Most data input files to SOLAR must be either PEDSYS data files or Comma Delimited data files. (The map and freq files, which are relatively short, are exceptions. They are space delimited, and have fields prescribed by position.) SOLAR can read both PEDSYS data files and Comma Delimited data files interchangeably. (Some database systems call Comma Delimited files "Comma Separated" or "CSV." Most database systems can export suitable files whatever they happen to call them.) SOLAR automatically determines the type of files you have and reads them appropriately.
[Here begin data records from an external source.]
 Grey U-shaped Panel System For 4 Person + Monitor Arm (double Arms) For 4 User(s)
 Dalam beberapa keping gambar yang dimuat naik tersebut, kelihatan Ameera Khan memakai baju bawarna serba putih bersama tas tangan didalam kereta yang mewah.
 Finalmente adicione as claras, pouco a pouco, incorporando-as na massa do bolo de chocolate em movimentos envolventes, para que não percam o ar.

PEDSYS data files require matching code files (which have the same name up to the last dot but with the extension .cde or .CDE) which describe the data fields (see section 4.1.4 below). Comma delimited files have a header line (described below in section 4.1.3) to identify the data fields.

4.1.1 Use Blank to specify missing data

In most cases, missing data is specified by blanking individual data fields. For PEDSYS files, this means the data field is filled with space characters. For Comma Delimited files, this is usually specified by having no characters between the delimiting commas or the first or last comma and the beginning or ending of the line, but it could also be specified by any number of space characters. SOLAR ignores leading and trailing space characters for any data field.
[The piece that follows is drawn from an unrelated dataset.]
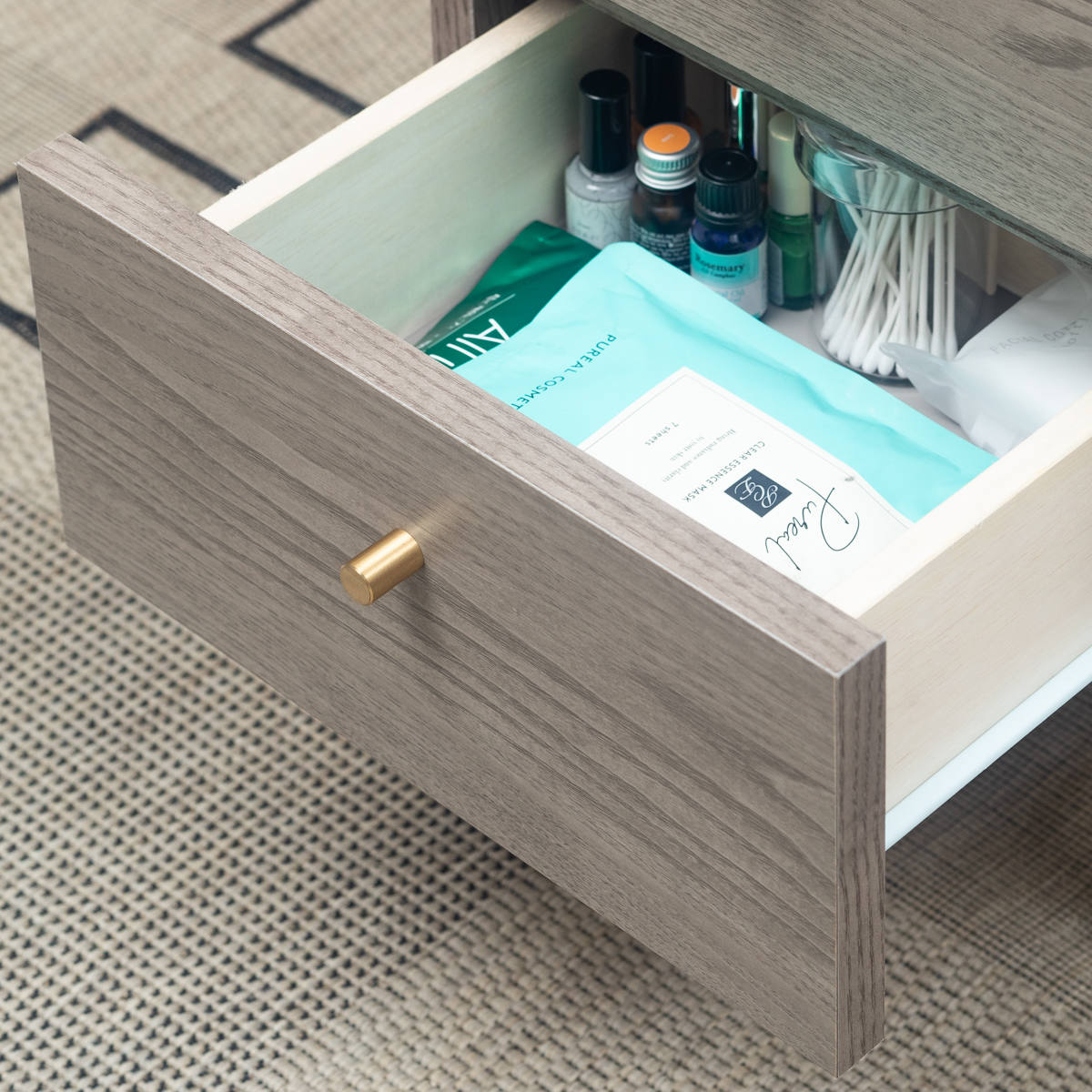 | 材質 | プリント紙化粧繊維板 脚:ラバーウッド無垢、アルミ 取手:真鍮 |

4.1.2 Field Name Lengths and Characters

The names you use for data fields should be (and in many cases must be) unambiguous in their case insensitive form. For example, you must not have one field named AGE and another named age. SOLAR will not be able to tell these names apart. As much as possible within a Tcl-based program running on Unix or linux, SOLAR has been designed to be case insensitive (because we like it that way). The SOLAR command names (such as trait), however, must all be entered in lower case. Generally we use lower case for everything or nearly so, but there is no requirement that you do this.

Field names in pedigree and phenotype files can be any length but must be unique in 18 characters or less. (In some messages, SOLAR might truncate your names to even less than 18 characters, but this will not affect operation.)
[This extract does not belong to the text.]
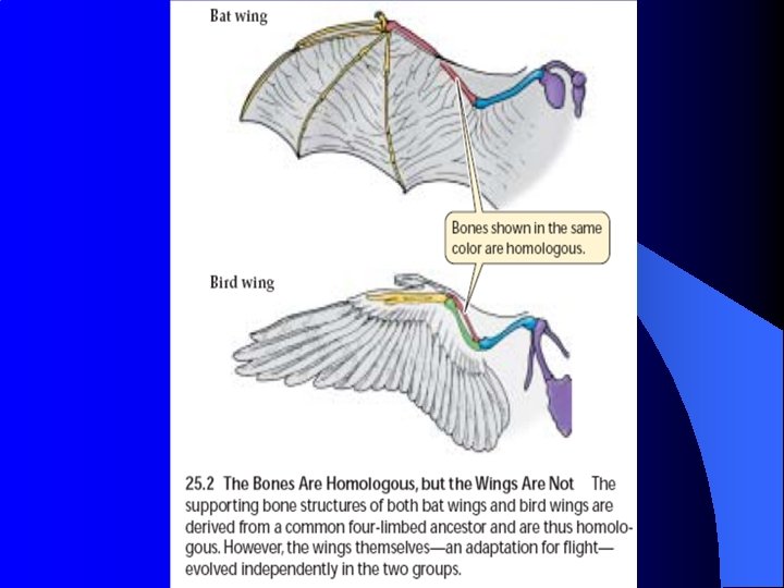 • 2. Caracteres ou características primitivas e derivadas: base da filogenia • Assim, uma característica que difere do ancestral é dito derivada. Os sistematas devem inferir o estado do caractere no ancestral e determinar como foi modificado nos descendentes. • Caracteristica homoplásicas são semelhantes, mas não por ancestralidade. • A evolução convergente pode levar a características semelhantes que não são derivadas dos mesmos ancestrais, mas resultam de pressão seletiva semelhante em grupos distintos. • Por exemplo, asas de pássaros e morcegos cujos ossos são homólogos, mas as estruturas em si não. •

It is recommended that you only use characters A-Z, a-z, 0-9, and underscore (_) in your field names. Some other special characters may work, but are not recommended. The following characters will particularly cause problems: / ^ # : , and space. This is only true for the field names; in the actual data itself special characters are allowed for some data types, though most data for SOLAR consists of numbers.

4.1.3 Comma Delimited Field Names

Comma Delimited files must have a first record (called the header) which is a comma delimited list of the field names. Most database systems produce a suitable header record, but if yours does not you can edit the file to add one with an ASCII text file editor such as vi or emacs. Note that SOLAR does not allow field names to have spaces in them, and does not like null field names (names with no characters in them). Beware of database systems which may leave null field names at the end of the header when the file was created by certain SQL operations. (Most trouble that people have with SOLAR relates to data file formatting or data errors. If you are having trouble, please look at your data files carefully.) Here is a typical example of a header line:

        ID,AGE,EF,Q1,Q2,Q3,Q4,Q5

It is permitted to suffix each field name with a type identification word after a colon (:). This is fairly common for comma delimited files exported from some database systems. SOLAR, however, does not use these type identifications. The type of each data field is determined by its name, and, in most cases, numbers only are expected. SOLAR ignores the contents of fields which it isn't asked to read, so they can contain anything (except commas or newlines). A header line with type identifications might look like this:

        id:char,age:int,ef:int,q1:float,q2:float,q3:float,d1:int

4.1.4 PEDSYS Field Names

This section applies to the use of PEDSYS data files only.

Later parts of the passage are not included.